Specializes in Psychiatry, Community, Nurse Manager, hospice.
7 hours ago, MunoRN said:

A patient can be experiencing some level of ICU delirium and still have decision making capacity, or 'mentally competent'. There is certainly a subgroup of patients experiencing ICU delirium who also lack capacity, but no, there are not mutually exclusive.

I know that, my point is not about whether or not a delirious patient can make certain medical decisions.

My point is that I am confused about what the OP thought about the situation. It seems like s/he thought the patient was delirious and then also implied that this is just the way the patient is.

And by the very definition of delirium, those two things can't be true.

I only used the term mental competence because OP did. Competence is a whole other animal.

I still really do not understand what the OP thought should have happened here.

Specializes in Critical Care.
11 hours ago, FolksBtrippin said:

I know that, my point is not about whether or not a delirious patient can make certain medical decisions.
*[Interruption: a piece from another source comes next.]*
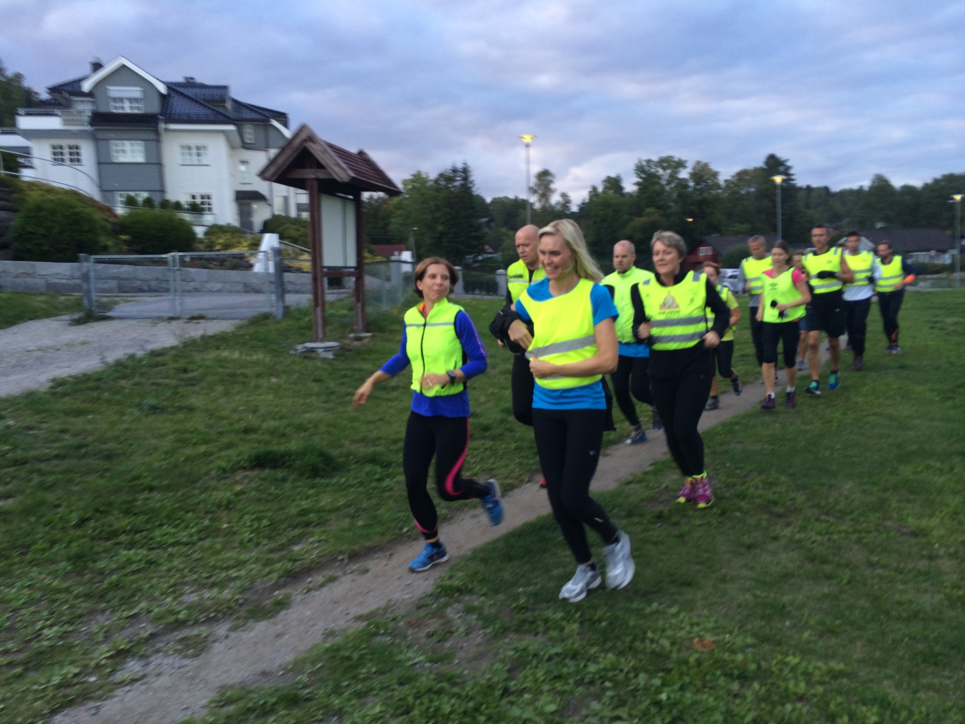 32+2 NMTère på plass kl 1930 i kveld! Veldig bra at så mange valgte å ta turen innom i kveld gitt at værgudene ikke viste seg fra sin beste side. Kveldens meny bestod av en rolig og god oppvarming ned til Hvamodden. Etter dette var det duket for løpeintervall med innlagt styrke. Pyramide intervall 2m,3m,4m,3m med 1 min pause. Løypa var lagt opp til at vi kjørte harehopp og salamander på hver kortende.

My point is that I am confused about what the OP thought about the situation. It seems like s/he thought the patient was delirious and then also implied that this is just the way the patient is.
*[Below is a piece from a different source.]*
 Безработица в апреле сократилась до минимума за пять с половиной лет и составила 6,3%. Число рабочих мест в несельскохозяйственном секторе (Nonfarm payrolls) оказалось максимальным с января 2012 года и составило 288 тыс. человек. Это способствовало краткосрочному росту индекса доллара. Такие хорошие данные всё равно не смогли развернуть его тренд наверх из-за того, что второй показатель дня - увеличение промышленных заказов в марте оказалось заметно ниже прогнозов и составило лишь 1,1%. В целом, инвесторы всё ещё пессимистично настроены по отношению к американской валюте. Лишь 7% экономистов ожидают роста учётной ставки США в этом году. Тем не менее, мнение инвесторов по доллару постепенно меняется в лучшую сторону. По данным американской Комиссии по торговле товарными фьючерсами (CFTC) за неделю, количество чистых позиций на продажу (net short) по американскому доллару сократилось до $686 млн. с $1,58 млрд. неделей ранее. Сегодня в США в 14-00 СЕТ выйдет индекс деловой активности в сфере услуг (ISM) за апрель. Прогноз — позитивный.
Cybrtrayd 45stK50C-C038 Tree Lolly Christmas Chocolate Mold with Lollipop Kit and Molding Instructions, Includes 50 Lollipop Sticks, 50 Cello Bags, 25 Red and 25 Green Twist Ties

And by the very definition of delirium, those two things can't be true.

I only used the term mental competence because OP did. Competence is a whole other animal.
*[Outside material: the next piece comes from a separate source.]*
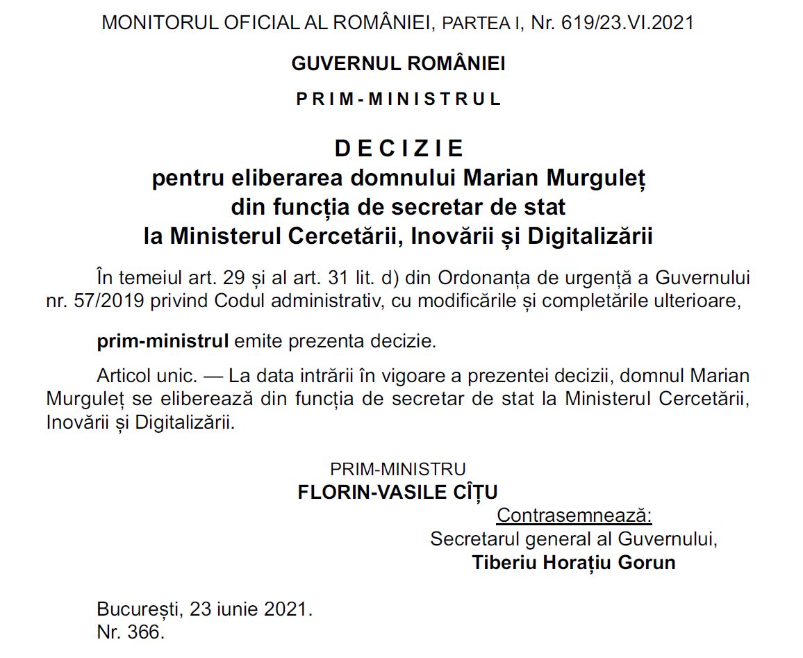 Decizia eliberării lui Marian Murguleț din funcția de secretar de stat în Ministerul Cercetării, Inovării și Digitalizării, condus de Ciprian Teleman, a fost semnată și publicată miercuri, 23 iunie, în Monitorul Oficial, la nici o zi după ce premierul Cîțu semnase numirea sa în această poziție.

I still really do not understand what the OP thought should have happened here.

11 hours ago, JKL33 said:

Part of the problem in the OP scenario is questionable use of terminology and/or use of terminology that means something specific without undertaking proper assessment to better define the situation. People (even HCPs) have a hard time using words like incompetent, delirious, incapacitated, not competent, lacks capacity, etc., properly in a medical context and instead use them almost like lay terms. For example, it's not that uncommon to hear someone say something like, "He's not competent to leave - he's intoxicated!" There is an inappropriate application of terminology combined with wrong conclusions. Sometimes the misuse of terms contributes to the wrong conclusions. Then others insist that patients are allowed to make bad choices - - which may be true but certainly isn't always true.

Anyway, in the OP case, it does kind of sound like even the physician is kind of throwing the terms out there. But then it would be within a nurse's role to clarify what the physician means by his/her statements. Is the patient experiencing some degree of delirium but demonstrates that he does have the capacity to make the decision to leave, or is he experiencing some delirium and it is affecting is capacity to make a decision to leave, or is he not delirious and is just belligerent...or some other situation.

Whatever the assessment reveals, though, we then should follow through. If the patient is properly assessed and found to lack the capacity for a decision to leave, then it's not okay for half the crowd to pipe in about how "patients have the right to make bad choices" and allow him to leave "AMA."

I agree with both of you on the terminology issue, I was only references the two terms to avoid the wrath of the terminology police. The details and context of the situation as described negate the need to get picky about which terms we use.

Mainly I was referring to the common misperception by others that if someone is in any way 'off' cognitively that they can't then choose to leave AMA.

17 minutes ago, MunoRN said:

I agree with both of you on the terminology issue, I was only references the two terms to avoid the wrath of the terminology police.

I can see Davey Doo's picture of the terminology police right now!

Specializes in orthopedic/trauma, Informatics, diabetes.

Sounds like some situations that happen where I am at. We work very hard to get people treated. We don't "dump" pts (not saying that your facility did). We get to keep them until most issues are resolved. In 7 years, we have had one repeat patient that was finally discharged from the ortho service and could not come back to our floor. This pt could still come to hosp, but not us.

Sounds like this guy had some psych issues that needed to be dealt with.